* [Work task]: Under this line is a listing; return exactly the lines starting at the one with "KOBANÊ – Yekîtiya" and running down to the one with "(2)设置方法File–>settings–>Editor–>General -->Code Completion", and leave out its pictures.

* [Records provided]:

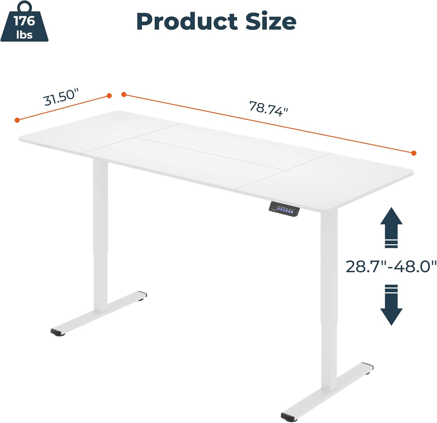 Adjustable Standing Desk, Large 79x31 Inches Standing Desk with Cable Management, Height Adjustable Home Office Computer Desk with Memory Preset&Charging USB Port&Sedentary Reminder
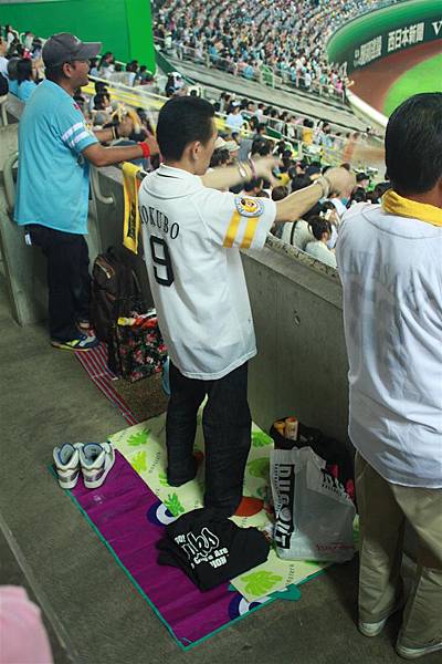 他們的配備齊全,加油棒、球衣、氣球通通一應具全,還有專屬的球隊置物袋。
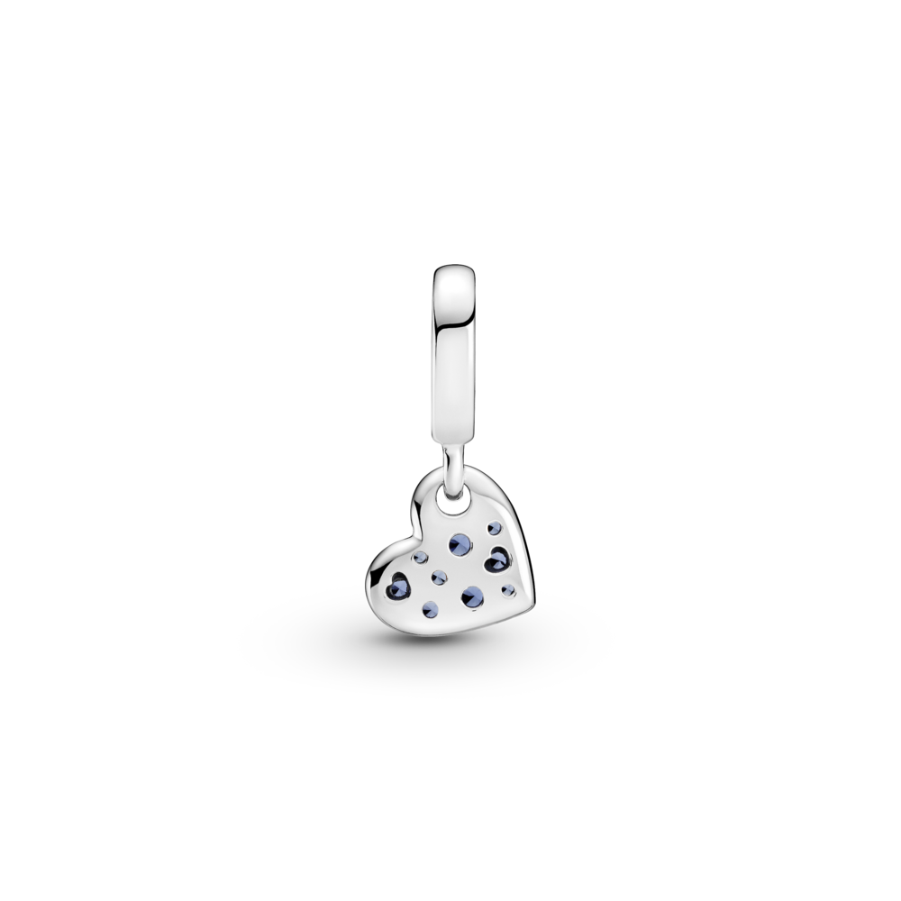 Ożyw stylizację zawieszką z niebieskim sercem pavé. Ta srebrna zawieszka z pochylonym sercem została wykończona ręcznie i jest wysadzana na przedzie niebieskimi cyrkoniami sześciennymi o różnej wielkości. Polerowany rewers ozdobiony kółkami i serduszkami cut-out. Będzie się wyróżniała na Twojej ulubionej bransoletce w otoczeniu innych srebrnych charmsów, możesz też połączyć ją z innymi kolorowymi symbolami w barwną kompozycję.
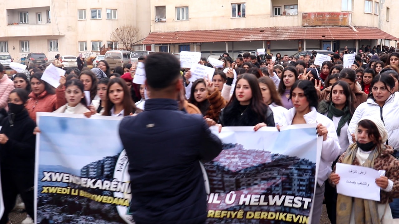 KOBANÊ – Yekîtiya Xwendekarên Welatparêz li bajarê Kobanê ji bo xwedî derketina li berxwedana taxê Şêx Meqsûd û Eşrefiyê meşekî girseyî li darxist. Bi hezaran xwendekarên zanîngehê helwestê xwe beramberî teslîmbûnê li ber çeteyên girêdayî hikûmeta Şamê û dewleta Tirk nîşan dan.
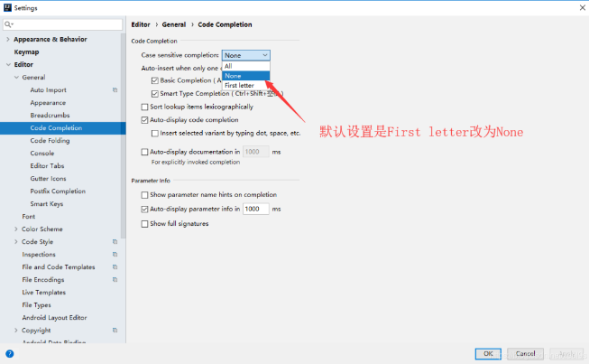 (2)设置方法File–>settings–>Editor–>General -->Code Completion
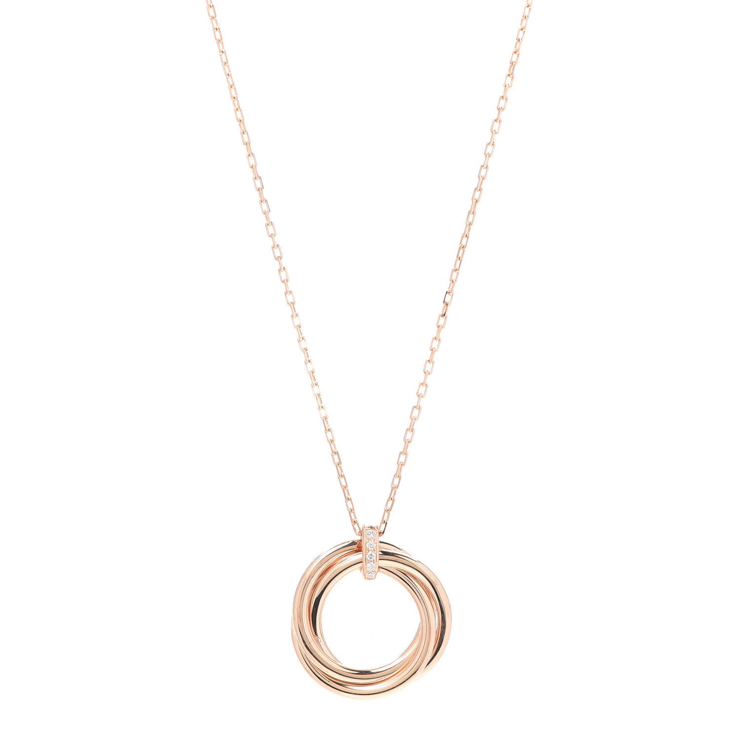 This is an authentic CARTIER 18K Pink Gold Diamond Trinity Pendant Necklace. The necklace is crafted of 18 karat pink gold and features three interlocking bands accented with a diamond bail, approximately .03 total carat weight.Follow this item for alerts. Cartier is a registered trademark of Cartier. FASHIONPHILE is not affiliated with Cartier.
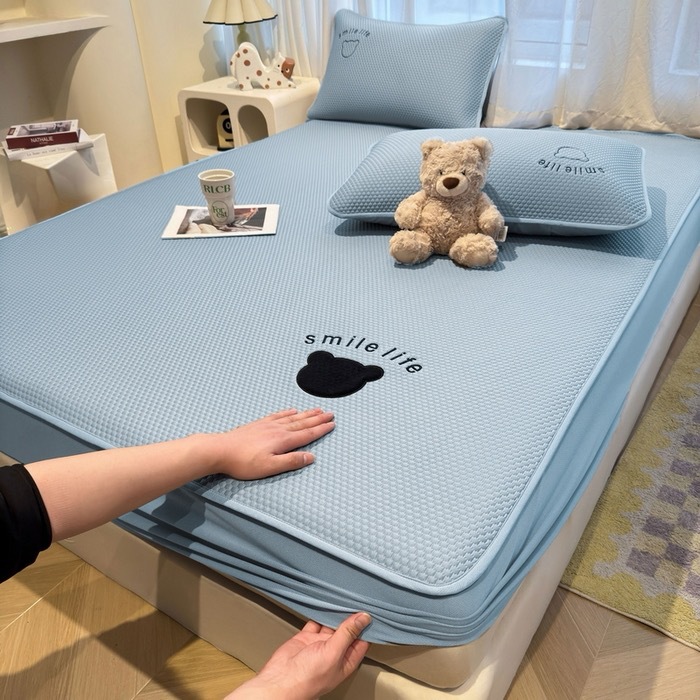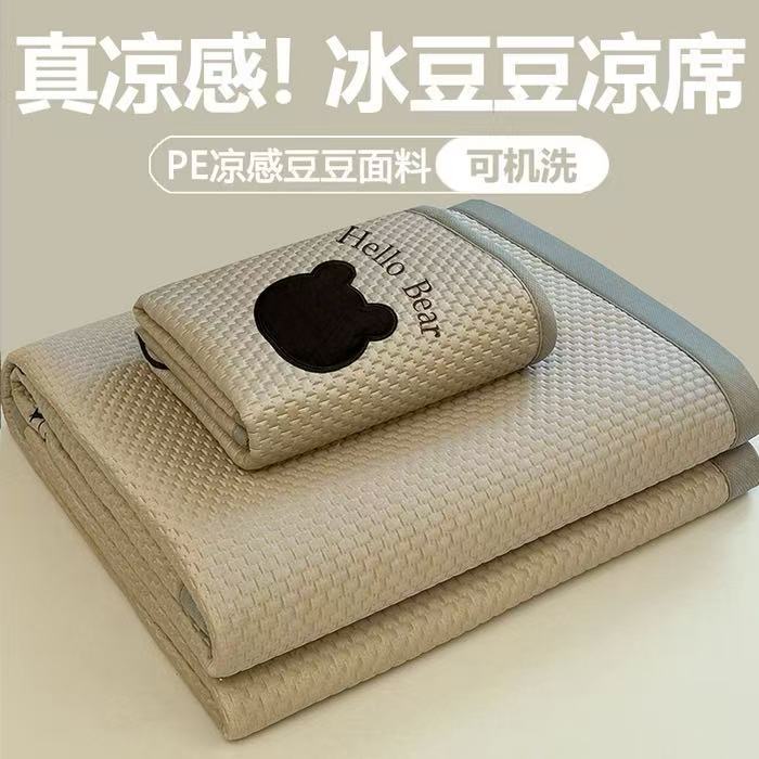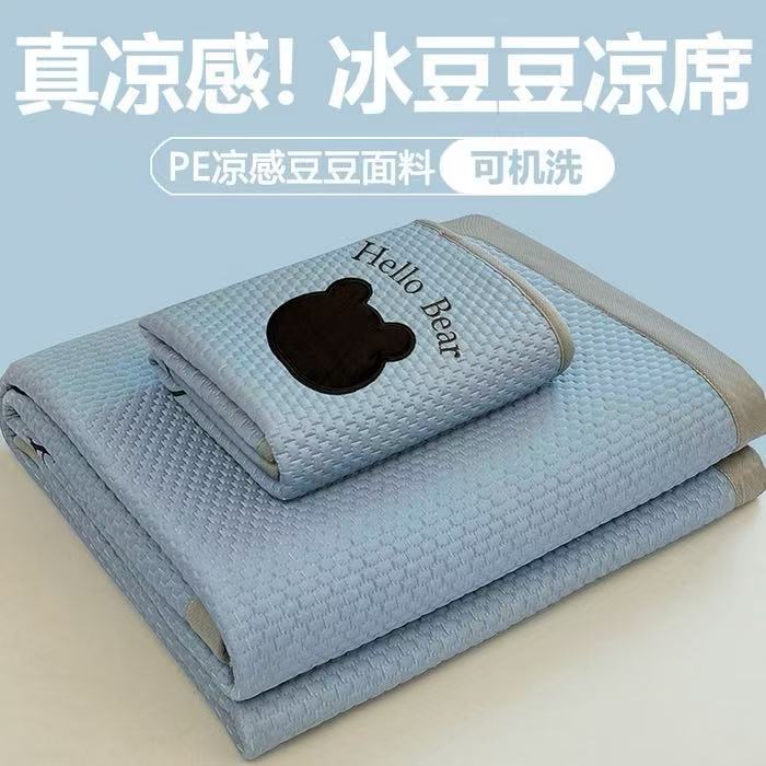 여름 얼음 콩 침대 시트 매트 3 조각 세트 기계 세탁기 침대 모자 가정용 에어컨 매트 PE 쿨 아이스 실크 매트스토어 가기
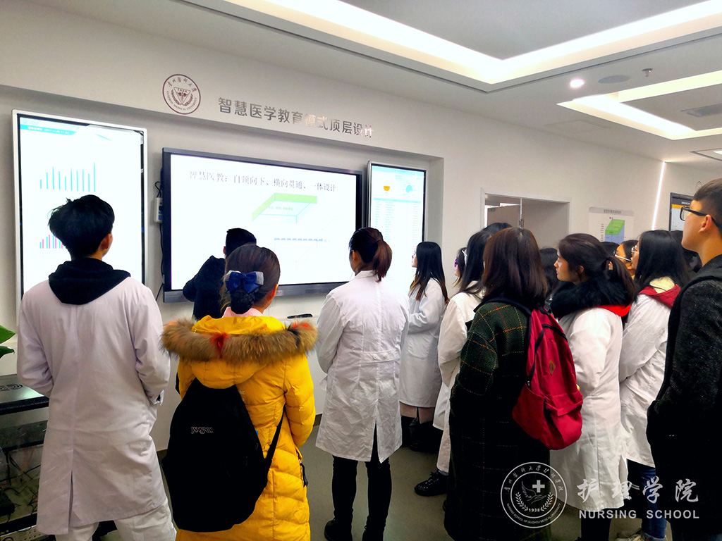 首先,发展对象们在技能中心老师的带领下,在中心一楼观看了临床教学视频,然后分别参观了VR无菌技术教学、VR -4D解剖教学、情景化腹腔教学、3D内科穿刺术、情景院前急救中心等技术。在参观的过程中,发展对象们了解到了临床技能中心是借鉴哈佛大学医公司及附属医院模拟教学模式,其目的是基于教学大数据的教学学习分析,将自主、智能、创新融入了医学教学,从而提高整体的教学效果。
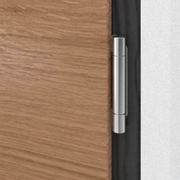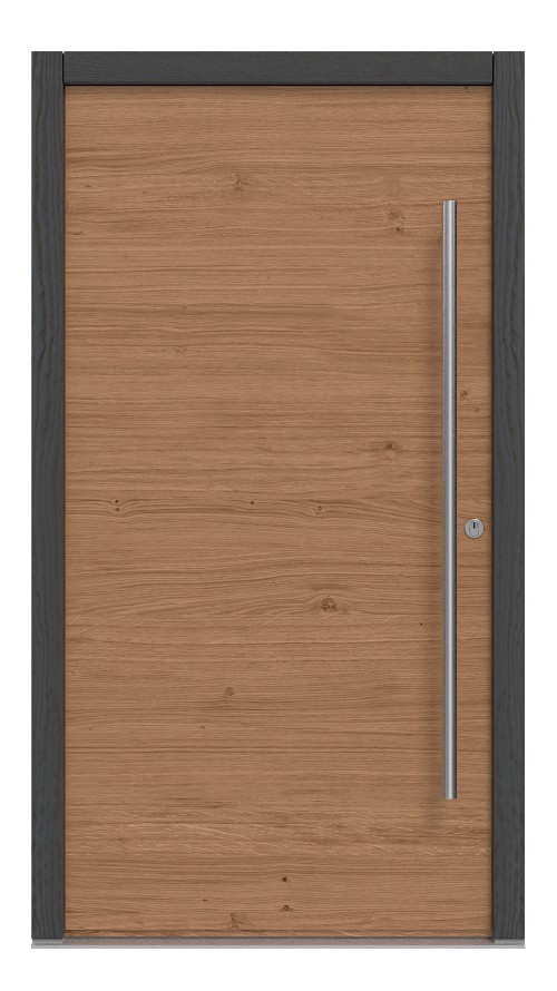 Skrzydło drzwiowe ze szczotkowanym fornirem poprzecznym zachwyca naturalną powierzchnią i przyciąga wzrok. W połączeniu z ramą w kolorze RAL 7016 i eleganckimi okuciami ze stali szlachetnej tworzy gustowną całość.

* [Solution]:
 KOBANÊ – Yekîtiya Xwendekarên Welatparêz li bajarê Kobanê ji bo xwedî derketina li berxwedana taxê Şêx Meqsûd û Eşrefiyê meşekî girseyî li darxist. Bi hezaran xwendekarên zanîngehê helwestê xwe beramberî teslîmbûnê li ber çeteyên girêdayî hikûmeta Şamê û dewleta Tirk nîşan dan.
 (2)设置方法File–>settings–>Editor–>General -->Code Completion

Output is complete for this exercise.